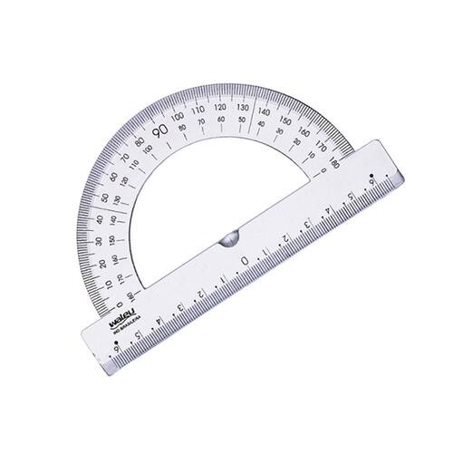 - O Transferidor Plástico chanfrado Waleu 180º é resistente e perfeito para medições e realização de trabalhos escolares. - Composição/Material: Poliestireno. - Escala: 180º. - Cor: cristal.
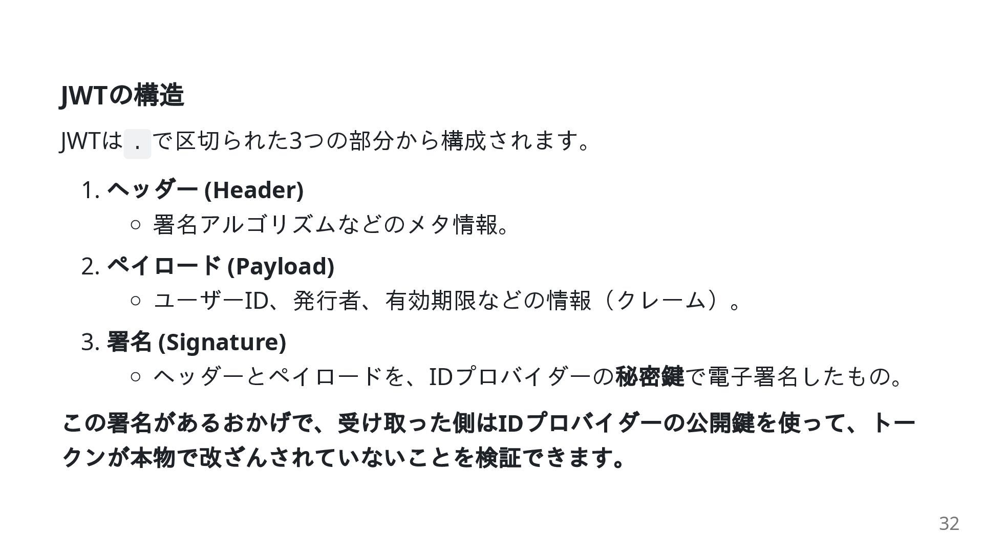 ペイロード (Payload) ユーザーID、発行者、有効期限などの情報(クレーム)。 3. 署名 (Signature) ヘッダーとペイロードを、IDプロバイダーの 秘密鍵で電子署名したもの。 この署名があるおかげで、受け取った側はID プロバイダーの公開鍵を使って、トー クンが本物で改ざんされていないことを検証できます。 32
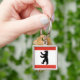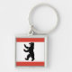 Chaveiro quadrado com bandeira de Berlim, bandeira estatal com faixas horizontais de vermelho e branco, com ilustração de um urso preto no centro
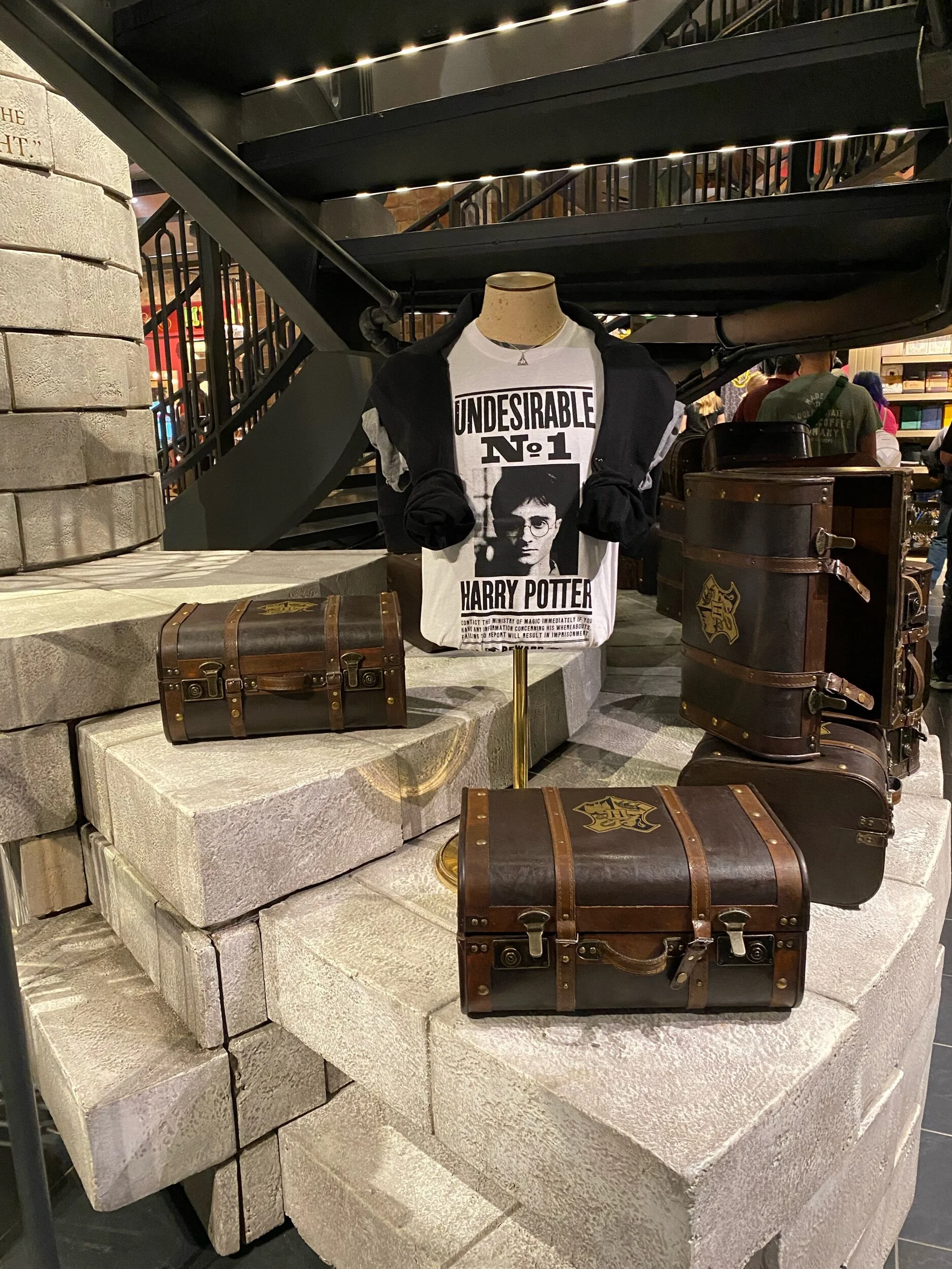 O ponto alto fica por conta da escadaria com a fênix na parte central da loja, acesso para as salas dos andar de baixo. Em termos de VM, não dá pra perder também a livraria, a loja de doces Honeydukes e o Butterbeer Bar com suas mais de 1.000 garrafas da cerveja amanteigada dos bruxinhos subindo pela parede.
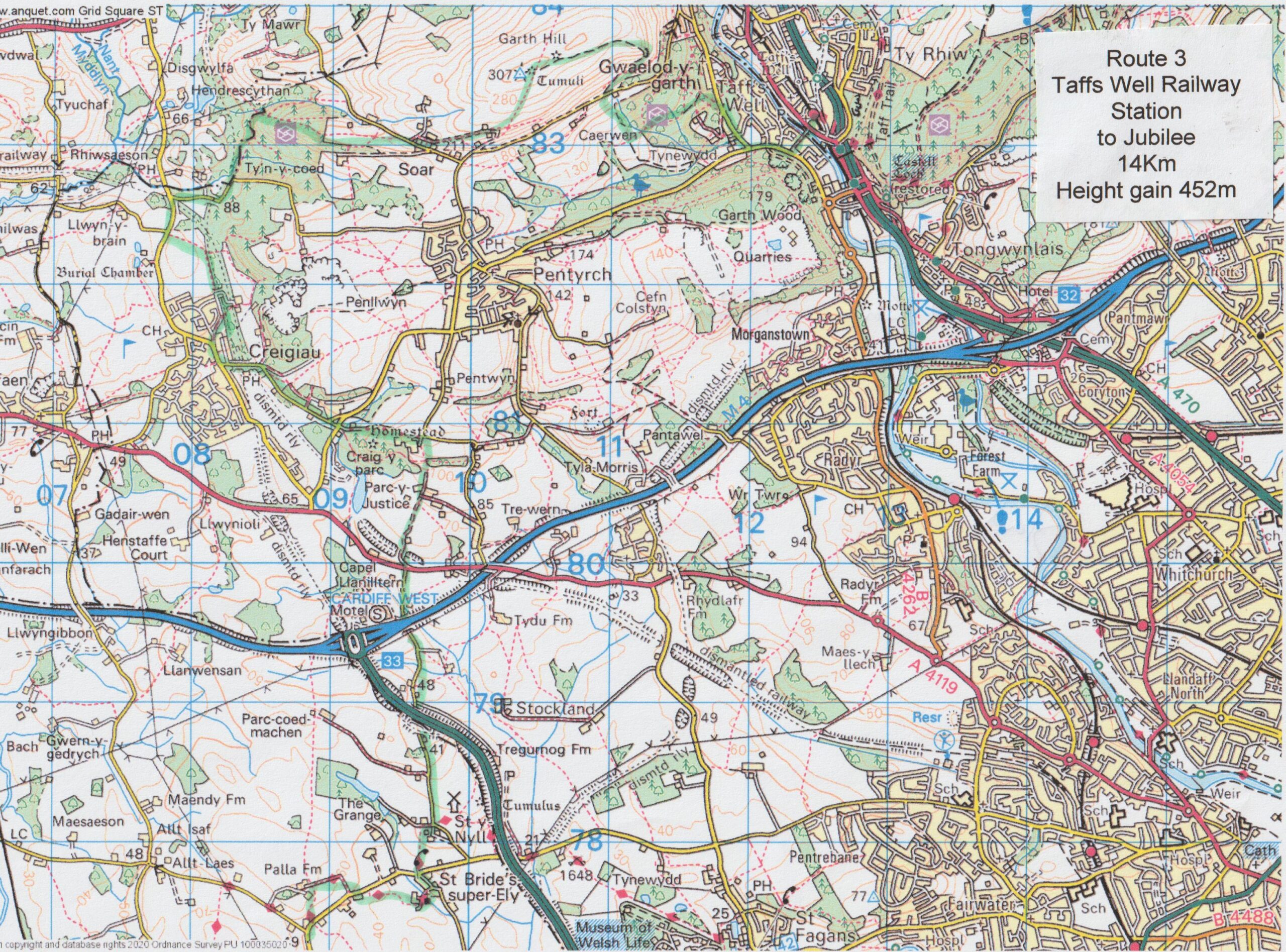 This is a strenuous route as it climbs the Garth Mountain. There is a footbridge near the station that allows the crossing of the Taff. The route follows part of the Rhymney Ridge walk
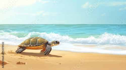 A friendly cartoon turtle slowly walking along a sandy beach, with the ocean waves gently rolling in.
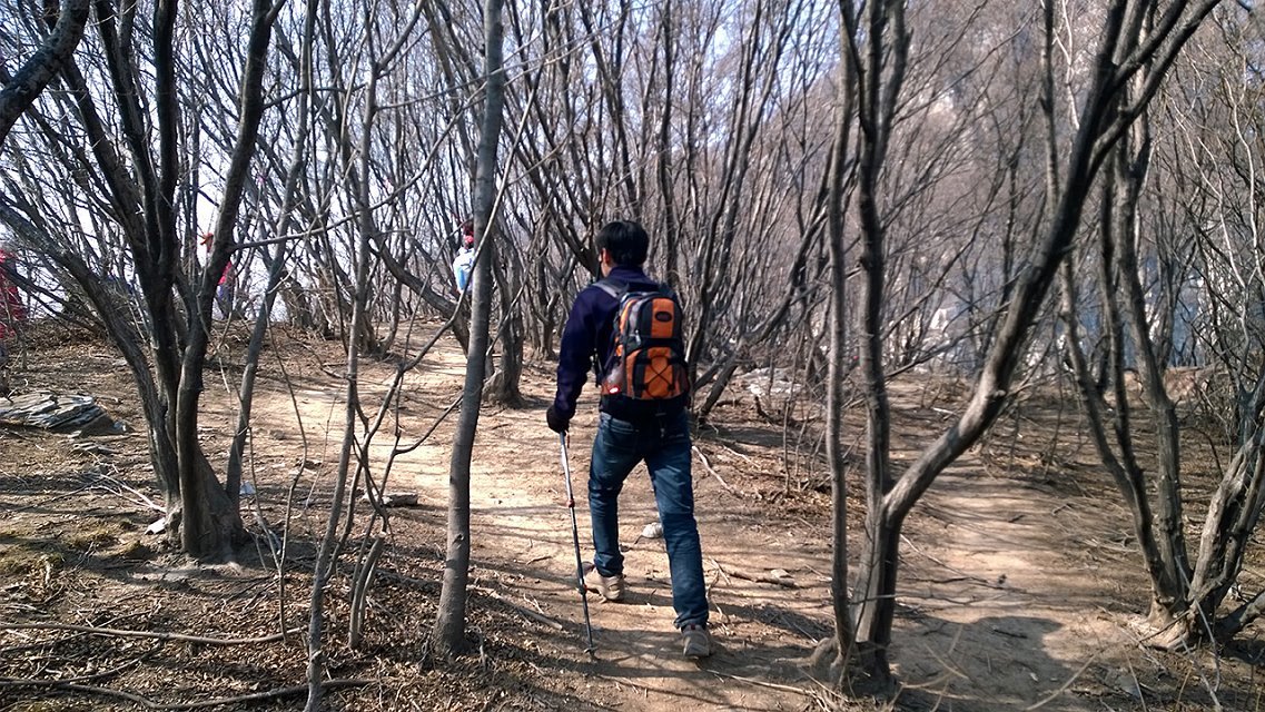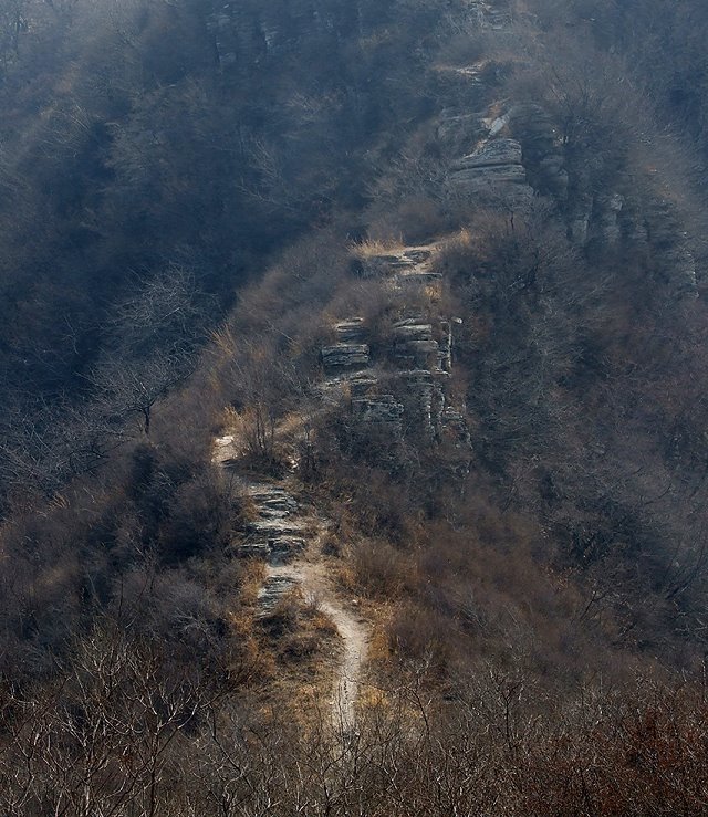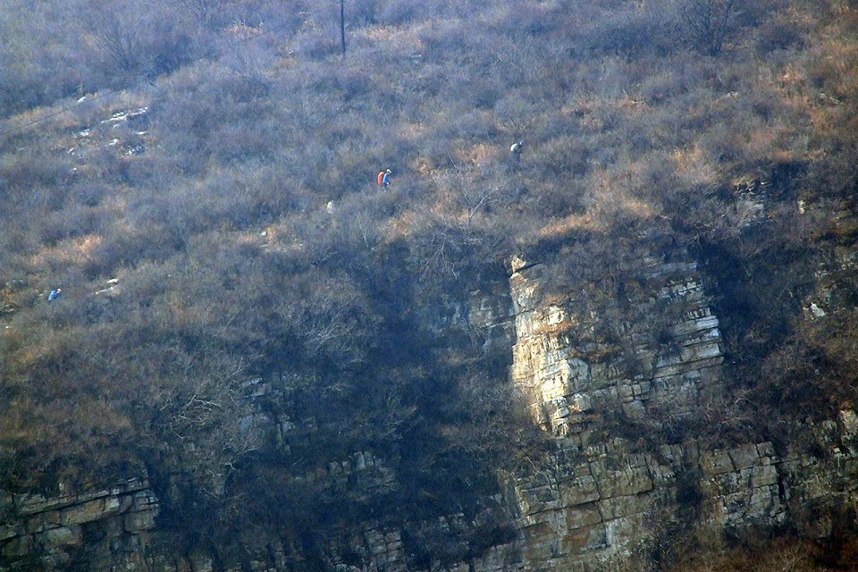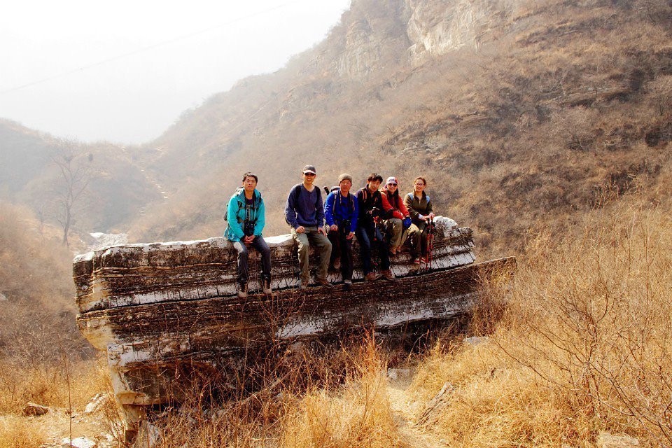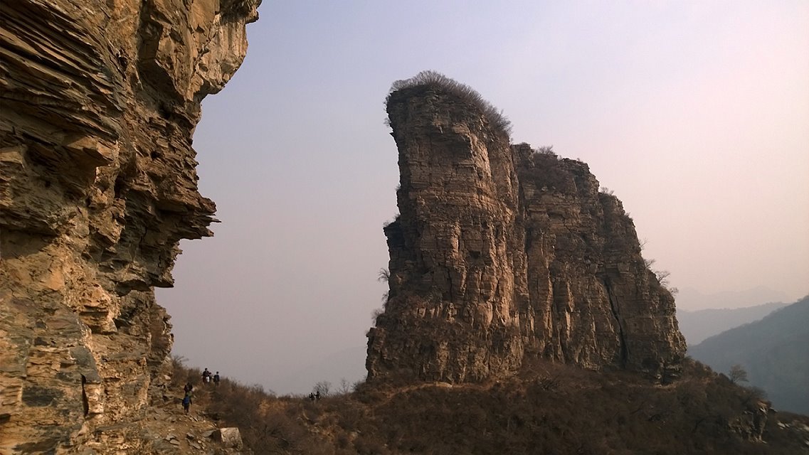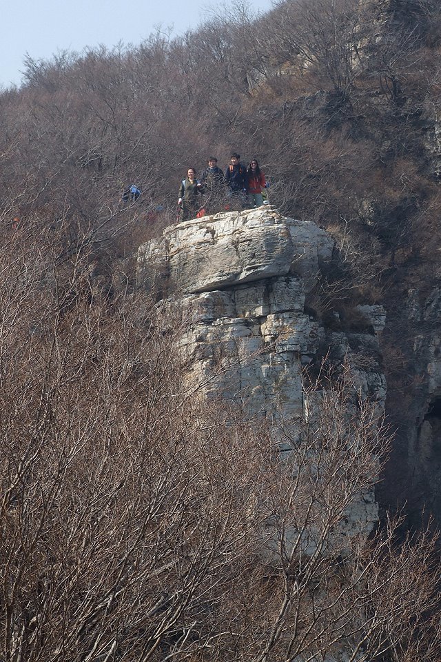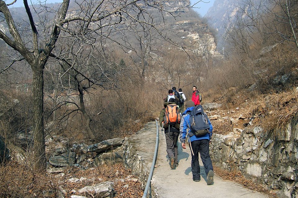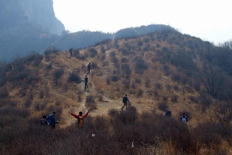 大家说说笑笑一路前行。小免(女士)说:我想要个小三儿,给我个小三儿吧。我回答:小三儿没有,“小四儿”(带队驴友的网名)倒有一枚。某位驴友说,今天这天不好,看起来雾蒙蒙的。我说不对,这叫霾蒙蒙的。
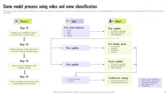This slide presents a collaborative strategy game model using miles and snow typology to help an organization select a competitor as a collaborative partner and assist in choosing a collaboration strategy. It includes process, input, and output. Pitch your topic with ease and precision using this Game Model Process Using Miles And Snow Classification Template Pdf This layout presents information on Process, Prior Capability, Current Capability, Strategic Groups It is also available for immediate download and adjustment. So, changes can be made in the color, design, graphics or any other component to create a unique layout. This slide presents a collaborative strategy game model using miles and snow typology to help an organization select a competitor as a collaborative partner and assist in choosing a collaboration strategy. It includes process, input, and output.
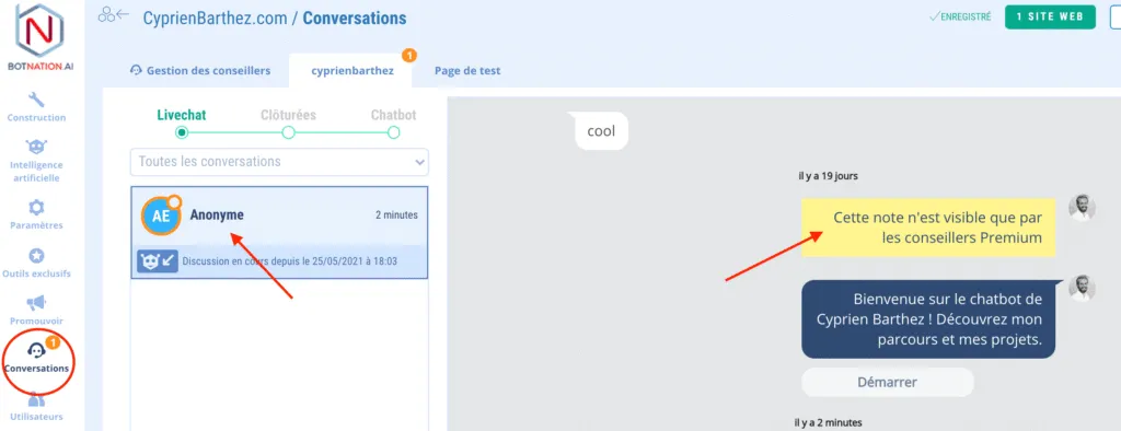 Nous les avons écoutés et nous avons déployé une version avancée de cette fonctionnalité. Vous avez dû le constater en vous rendant dans l’onglet « Conversations » de votre chatbot 😉

*ASSIGNMENT:* Leaving out all pictures, print exactly the lines above from the one containing "A friendly cartoon" through the last line of the entries.

*OUTPUT FOR THIS EXERCISE:*
 A friendly cartoon turtle slowly walking along a sandy beach, with the ocean waves gently rolling in.
 大家说说笑笑一路前行。小免(女士)说:我想要个小三儿,给我个小三儿吧。我回答:小三儿没有,“小四儿”(带队驴友的网名)倒有一枚。某位驴友说,今天这天不好,看起来雾蒙蒙的。我说不对,这叫霾蒙蒙的。
This slide presents a collaborative strategy game model using miles and snow typology to help an organization select a competitor as a collaborative partner and assist in choosing a collaboration strategy. It includes process, input, and output. Pitch your topic with ease and precision using this Game Model Process Using Miles And Snow Classification Template Pdf This layout presents information on Process, Prior Capability, Current Capability, Strategic Groups It is also available for immediate download and adjustment. So, changes can be made in the color, design, graphics or any other component to create a unique layout. This slide presents a collaborative strategy game model using miles and snow typology to help an organization select a competitor as a collaborative partner and assist in choosing a collaboration strategy. It includes process, input, and output.
 Nous les avons écoutés et nous avons déployé une version avancée de cette fonctionnalité. Vous avez dû le constater en vous rendant dans l’onglet « Conversations » de votre chatbot 😉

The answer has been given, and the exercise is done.